[Start of section]
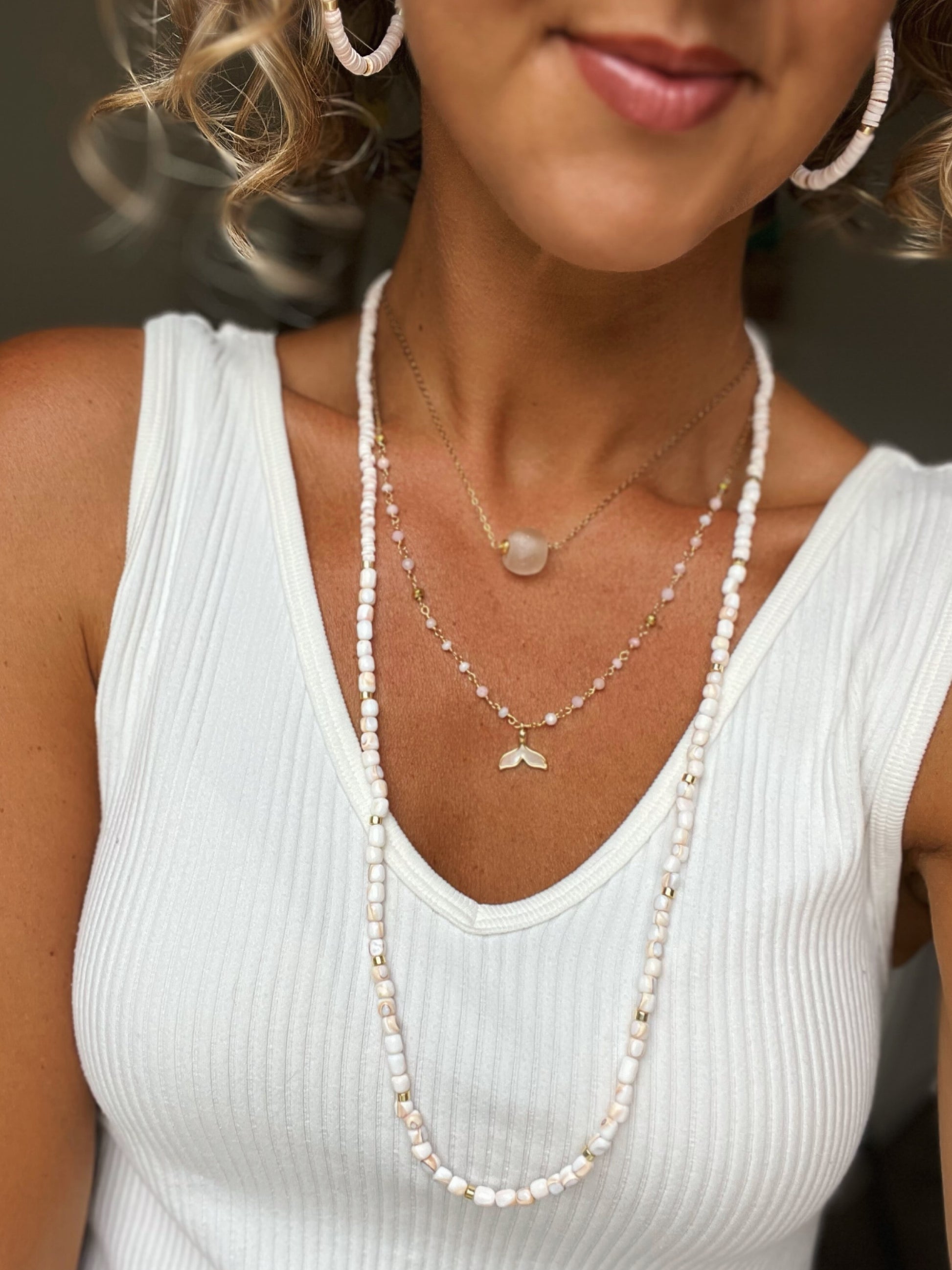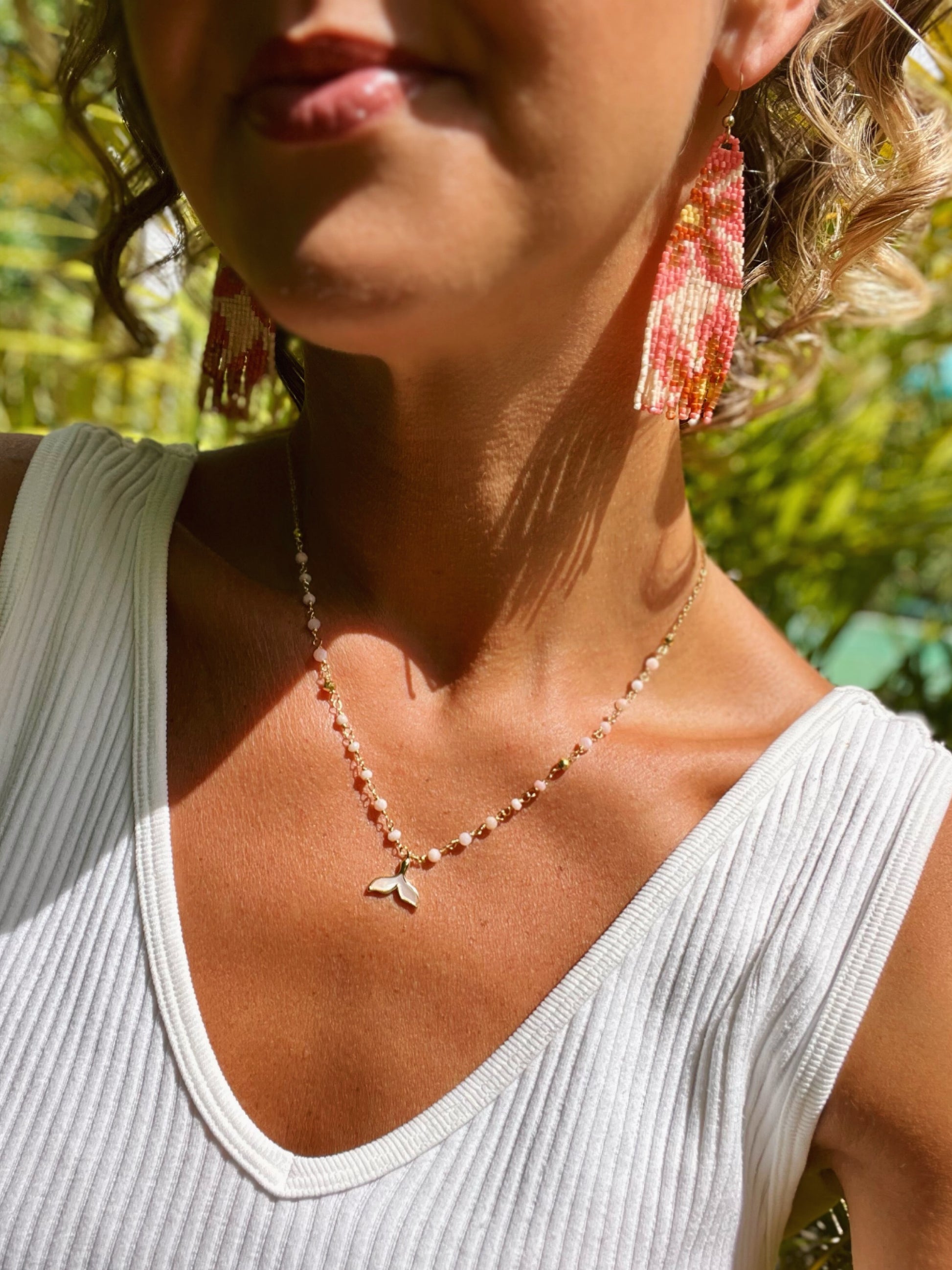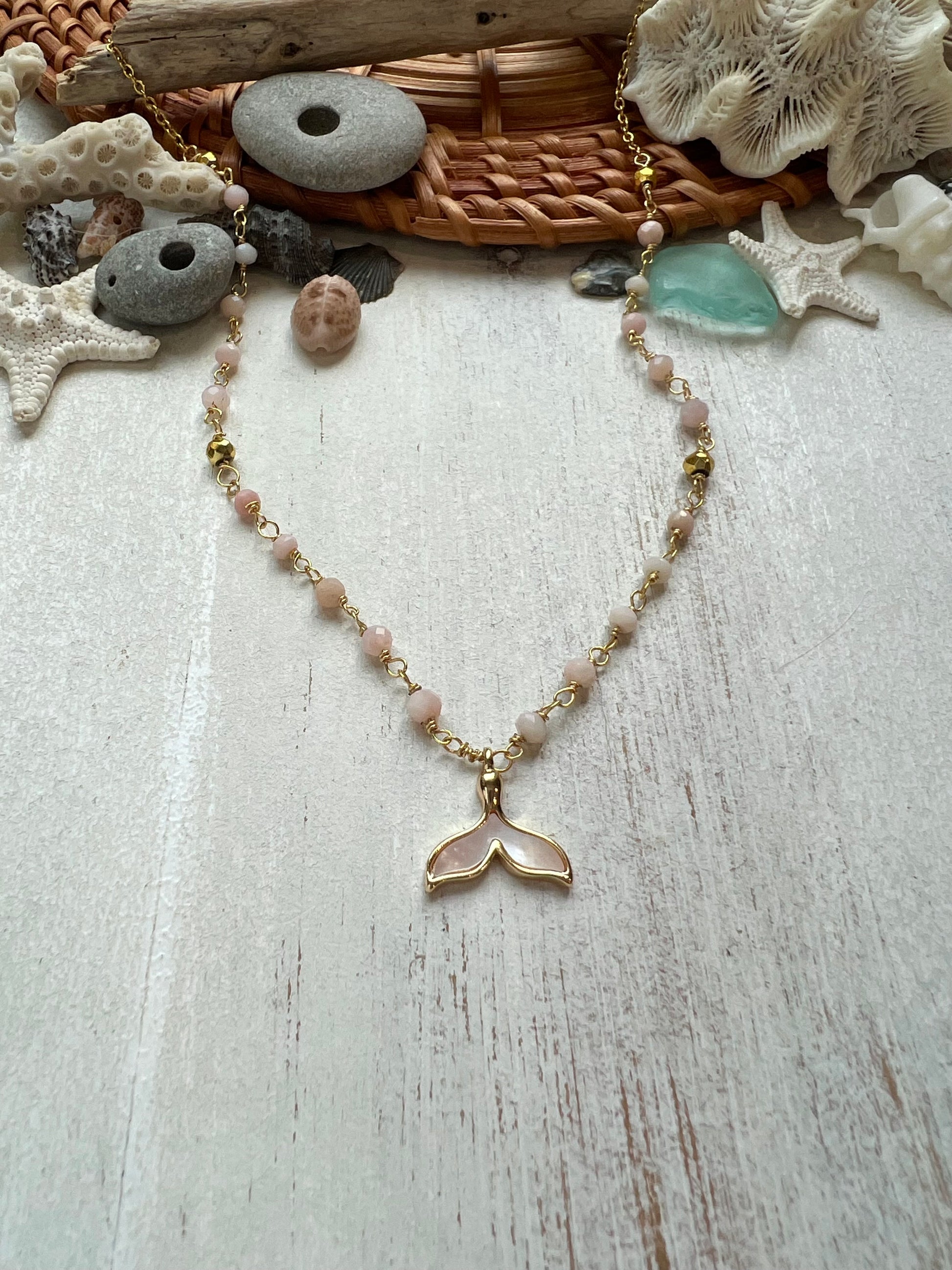 Make a splash with our playful Mother of Pearl Whale Tail Necklace! Featuring a stunning 18k gold plated charm with mother of pearl inlay, and your choice of gold stainless steel or 14k gold filled chain. Keep the beach close to your heart with wire-wrapped pink opal gemstones. Perfect for mermaids and beach lovers alike!
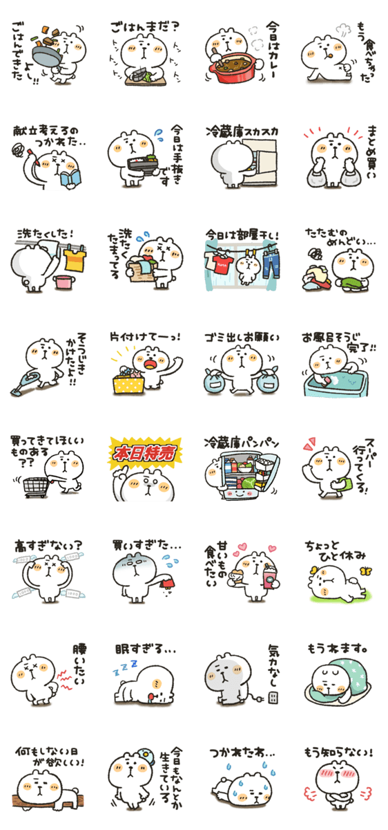 くまぴのスタンプお母さんが使える家事疲れたバージョンです。洗濯干し/献立/買い物/お使い/ごはん/夕飯/冷蔵庫/部屋干し/掃除機/お風呂掃除/ゴミ出し
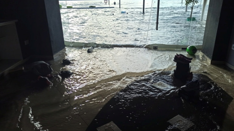 El agua de mar inunda una tienda en la ciudad portuaria de Vathy después de un terremoto, en la isla de Samos.
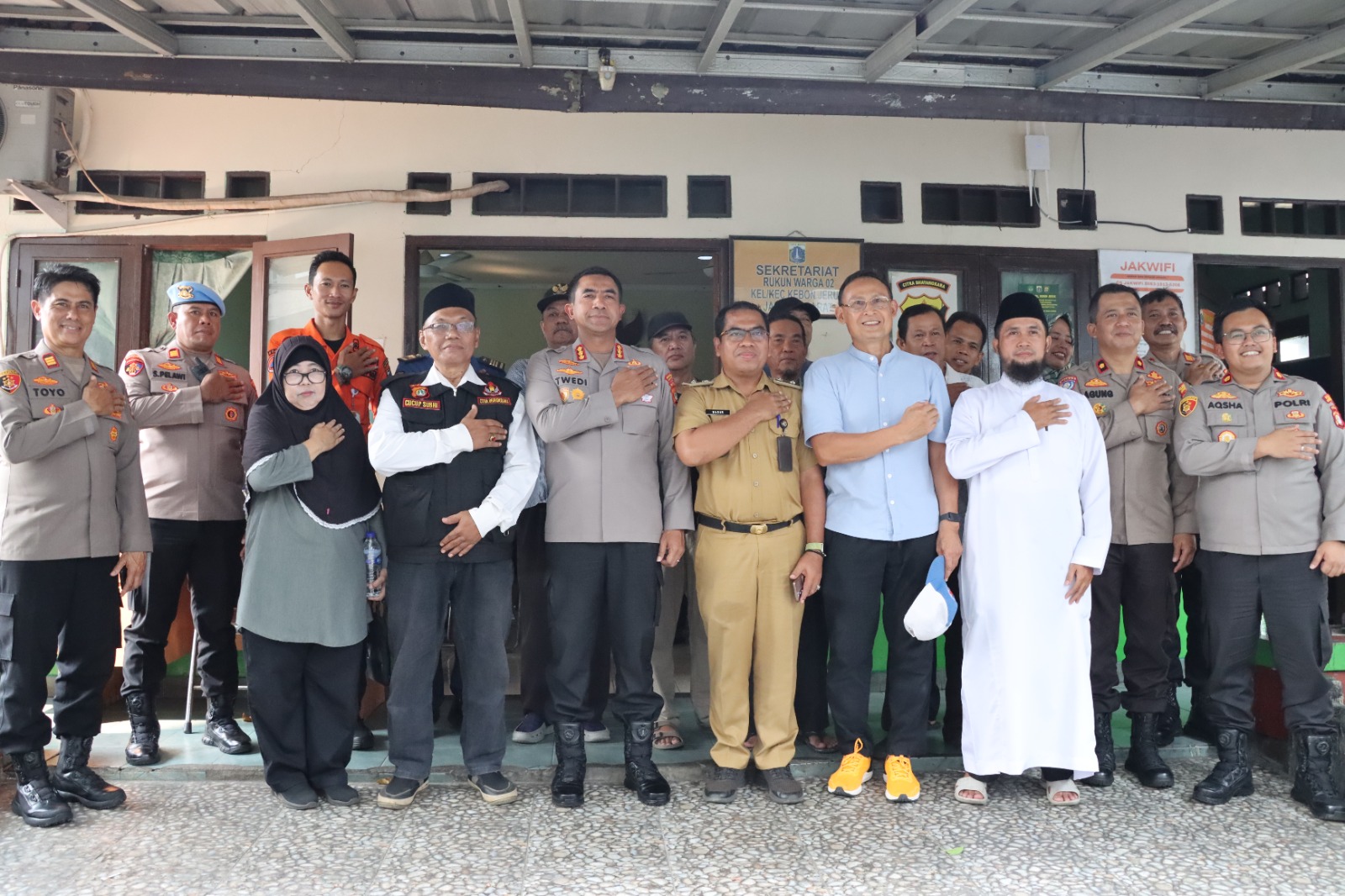 Tak sendiri, Kapolres hadir didampingi oleh Kasat Binmas Kompol Agung Nugroho, Kapolsek Kebon Jeruk Kompol Nur Aqsha Ferdianto, para pejabat utama Polres, PLT Lurah Kebon Jeruk Tubagus Masarul Iman, serta unsur Tiga Pilar, Satpol PP, Gulkarmat, Ketua LMK, Ketua RT/RW, tokoh masyarakat, dan relawan Citra Bhayangkara.
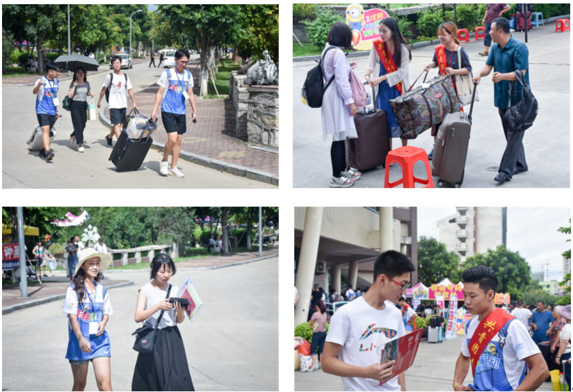 等着一段故事,守着冷暖交织的光阴。远方除了遥远,还有幸福与希望。大学的生活是一段新的开始,是一个新故事的开始。各个学长学姐做好充分的迎新准备工作,等待着他们的到来。厦门北站接待组是本次迎新工作的主力军。师生志愿者们早上7:30就等在北站出站口。举牌引导,帮提行李,递水问候,学长学姐鼎立相助,只愿18级的小可爱们背起行囊,踏上行程,也愿前景可赴。院党委黄阿火书记、林旭副书记、保卫科唐水宝科长特地到北站接站点关心了解迎新工作,还热情亲切地与新生及其家长交流与问候。
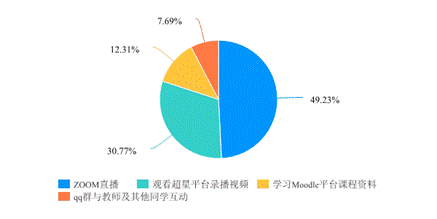 调查显示,学生较为青睐直播、学习录播视频等直观的线上授课方式,Moodle平台的资料学习也起到了重要作用,qq互动答疑是以上学习模式的补充。
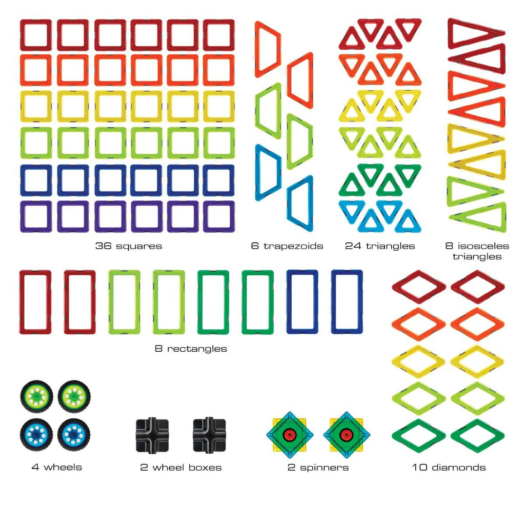 The GeoSmart Educational Set is a STEM learning kit featuring 100 pieces and 6 different geomagnetic shapes. Build original constructions, animals, vehicles or just about anything you can imagine!
[End of section]
# ABOUT THIS TASK
Copy out all of the material exactly as written, without its pictures.

# RESPONSE FOR THIS EXERCISE
 Make a splash with our playful Mother of Pearl Whale Tail Necklace! Featuring a stunning 18k gold plated charm with mother of pearl inlay, and your choice of gold stainless steel or 14k gold filled chain. Keep the beach close to your heart with wire-wrapped pink opal gemstones. Perfect for mermaids and beach lovers alike!
 くまぴのスタンプお母さんが使える家事疲れたバージョンです。洗濯干し/献立/買い物/お使い/ごはん/夕飯/冷蔵庫/部屋干し/掃除機/お風呂掃除/ゴミ出し
 El agua de mar inunda una tienda en la ciudad portuaria de Vathy después de un terremoto, en la isla de Samos.
 Tak sendiri, Kapolres hadir didampingi oleh Kasat Binmas Kompol Agung Nugroho, Kapolsek Kebon Jeruk Kompol Nur Aqsha Ferdianto, para pejabat utama Polres, PLT Lurah Kebon Jeruk Tubagus Masarul Iman, serta unsur Tiga Pilar, Satpol PP, Gulkarmat, Ketua LMK, Ketua RT/RW, tokoh masyarakat, dan relawan Citra Bhayangkara.
 等着一段故事,守着冷暖交织的光阴。远方除了遥远,还有幸福与希望。大学的生活是一段新的开始,是一个新故事的开始。各个学长学姐做好充分的迎新准备工作,等待着他们的到来。厦门北站接待组是本次迎新工作的主力军。师生志愿者们早上7:30就等在北站出站口。举牌引导,帮提行李,递水问候,学长学姐鼎立相助,只愿18级的小可爱们背起行囊,踏上行程,也愿前景可赴。院党委黄阿火书记、林旭副书记、保卫科唐水宝科长特地到北站接站点关心了解迎新工作,还热情亲切地与新生及其家长交流与问候。
 调查显示,学生较为青睐直播、学习录播视频等直观的线上授课方式,Moodle平台的资料学习也起到了重要作用,qq互动答疑是以上学习模式的补充。
 The GeoSmart Educational Set is a STEM learning kit featuring 100 pieces and 6 different geomagnetic shapes. Build original constructions, animals, vehicles or just about anything you can imagine!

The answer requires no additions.